Geiseric's Vandals and Alans, however, had their own plans, and aimed to conquer the African provinces outright. Their possession of Mauretania Caesariensis, Mauretania Sitifensis and most of Numidia was recognized in 435 by the Western Roman court, but this was only a temporary expedient. Warfare soon recommenced, and in October 439, the capital of Africa, Carthage, fell to the Vandals. In 442, another treaty exchanged the provinces hitherto held by the Vandals with the core of the African diocese, the rich provinces of Zeugitana and Byzacena, which the Vandals received no longer as foederati of the Empire, but as their own possessions. These events marked the foundation of the Vandalic Kingdom, as the Vandals made Carthage their capital and settled around it.

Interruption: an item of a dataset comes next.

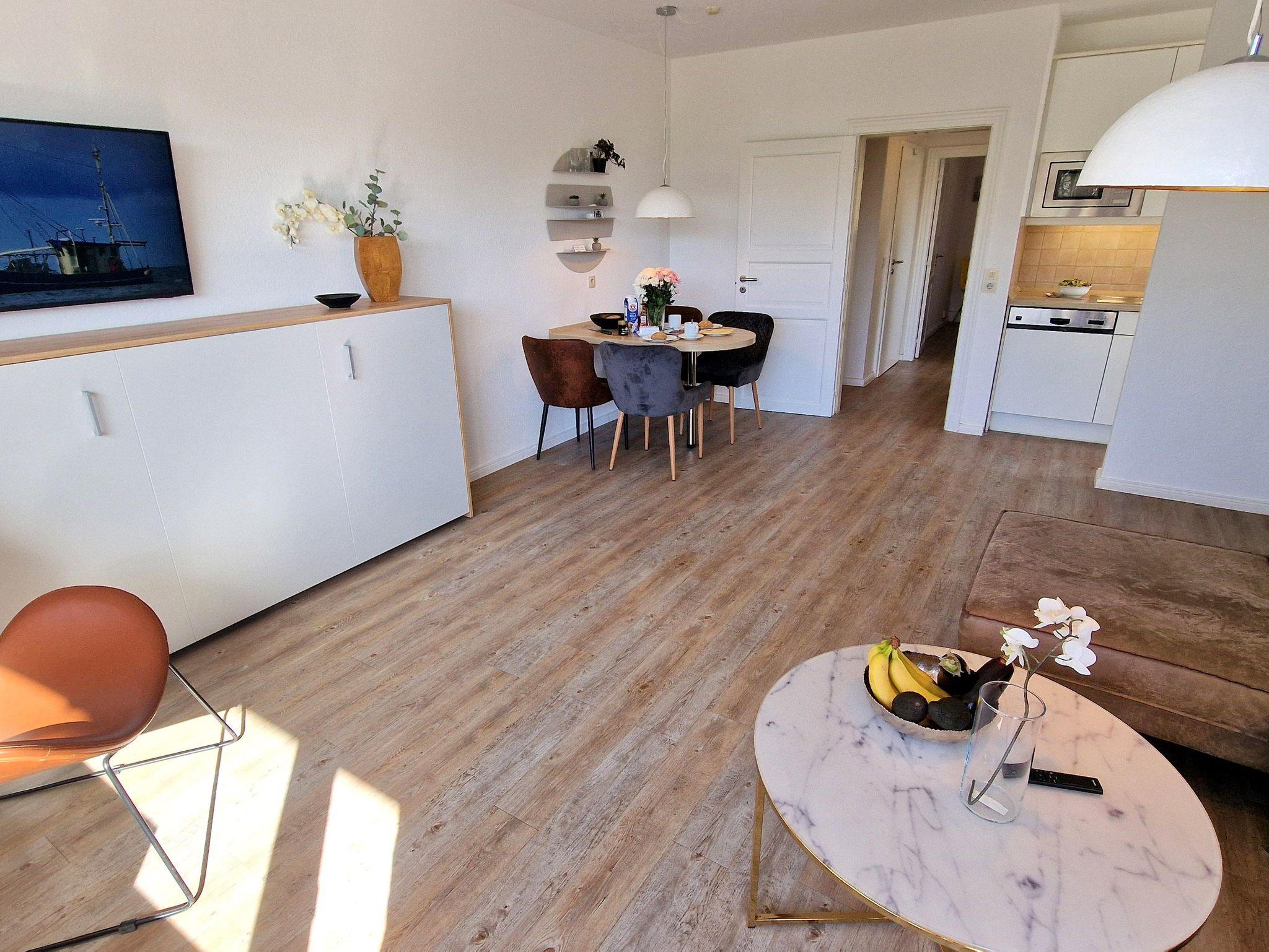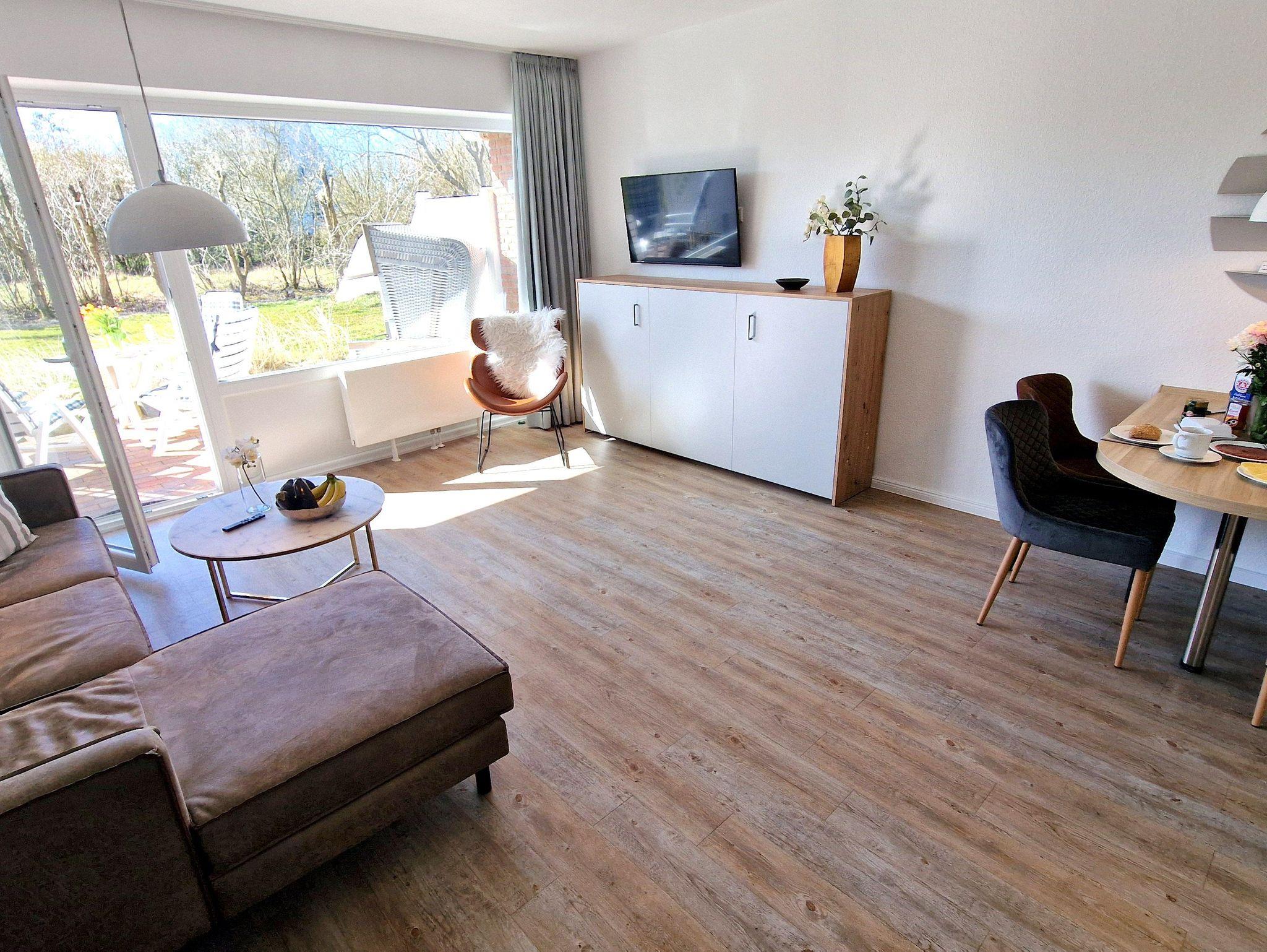 Sie teilt sich wie folgt auf: Eingangsdiele mit Garderobe, Schlafzimmer mit Doppelbett ( 180x200), Duschbad mit WC. Der großzügige Wohnraum mit direktem Zugang zur Terrasse und Garten überzeugt mit seiner gemütlichen Sitzecke und dem direkten Blick nach draußen. Moderne, weiße Küche, Essecke und als weitere Schlafmöglichkeit 1 Doppelschrankbett. Die Fußböden der Ferienwohnung sind aus Designerparkett oder Fliesen. Allergikergeeignet.

Although the Vandals thus gained control of the lucrative African grain trade with Italy, they also launched raids on the coasts of the Mediterranean that ranged as far as the Aegean Sea and culminated in their sack of Rome itself in 455, which allegedly lasted for two weeks. Taking advantage of the chaos that followed Valentinian's death in 455, Geiseric then regained control—albeit rather tenuous—of the Mauretanian provinces, and with his fleet took over Sardinia, Corsica and the Balearic Islands. Sicily barely escaped the same fate through the presence there of Ricimer.

Throughout this period, the Vandals survived several Roman attempts at a counterstrike: the Eastern Roman general Aspar had led an unsuccessful expedition in 431, an expedition assembled by the Western emperor Majorian off the coast of Spain in 460 was scattered or captured by the Vandals before it could set sail, and finally, in 468, Geiseric defeated a huge joint expedition by both western and eastern empires under Basiliscus. In the aftermath of this disaster, and following further Vandal raids against the shores of Greece, the eastern emperor Zeno concluded a "perpetual peace" with Geiseric (474/476).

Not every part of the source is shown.